_The task_. Skip the pictures. Repeat everything else in the records word for word.

_Dataset extract_.
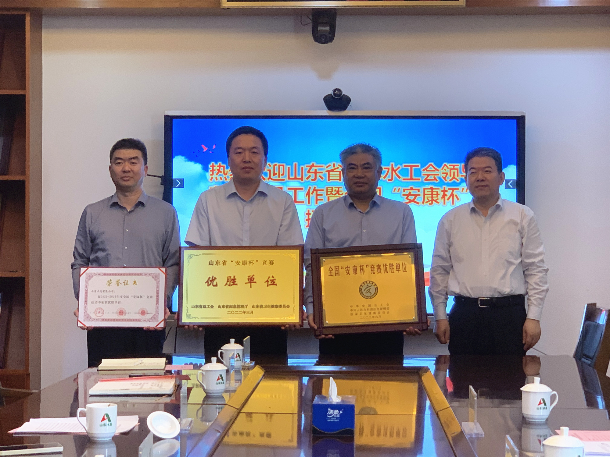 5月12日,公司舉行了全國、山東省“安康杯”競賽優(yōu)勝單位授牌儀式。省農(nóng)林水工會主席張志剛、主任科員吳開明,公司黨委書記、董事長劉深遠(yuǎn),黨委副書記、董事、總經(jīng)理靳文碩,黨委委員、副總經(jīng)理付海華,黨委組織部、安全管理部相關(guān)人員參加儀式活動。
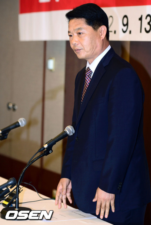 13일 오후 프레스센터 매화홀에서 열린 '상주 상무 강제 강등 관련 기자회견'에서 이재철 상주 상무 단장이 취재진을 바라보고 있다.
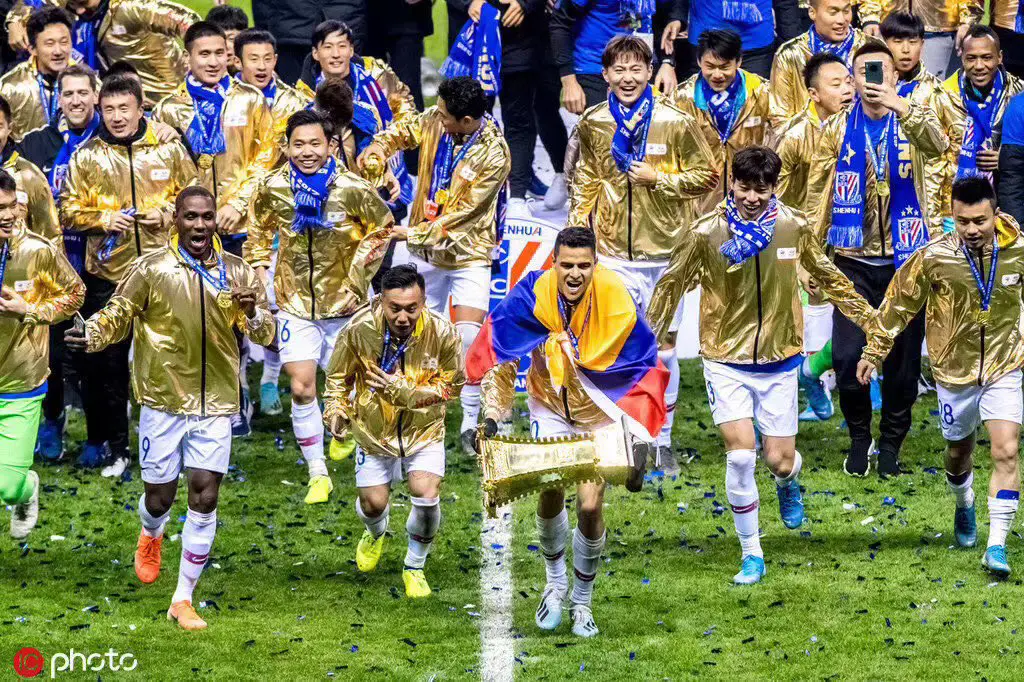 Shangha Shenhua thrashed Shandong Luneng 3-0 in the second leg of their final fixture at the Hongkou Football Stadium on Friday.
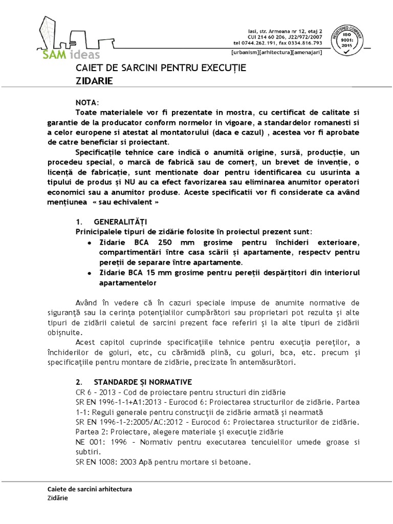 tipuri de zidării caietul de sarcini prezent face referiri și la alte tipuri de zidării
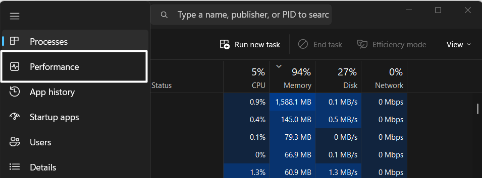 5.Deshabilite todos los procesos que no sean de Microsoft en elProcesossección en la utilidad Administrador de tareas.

_Result of the task_.
 5月12日,公司舉行了全國、山東省“安康杯”競賽優(yōu)勝單位授牌儀式。省農(nóng)林水工會主席張志剛、主任科員吳開明,公司黨委書記、董事長劉深遠(yuǎn),黨委副書記、董事、總經(jīng)理靳文碩,黨委委員、副總經(jīng)理付海華,黨委組織部、安全管理部相關(guān)人員參加儀式活動。
 13일 오후 프레스센터 매화홀에서 열린 '상주 상무 강제 강등 관련 기자회견'에서 이재철 상주 상무 단장이 취재진을 바라보고 있다.
 Shangha Shenhua thrashed Shandong Luneng 3-0 in the second leg of their final fixture at the Hongkou Football Stadium on Friday.
 tipuri de zidării caietul de sarcini prezent face referiri și la alte tipuri de zidării
 5.Deshabilite todos los procesos que no sean de Microsoft en elProcesossección en la utilidad Administrador de tareas.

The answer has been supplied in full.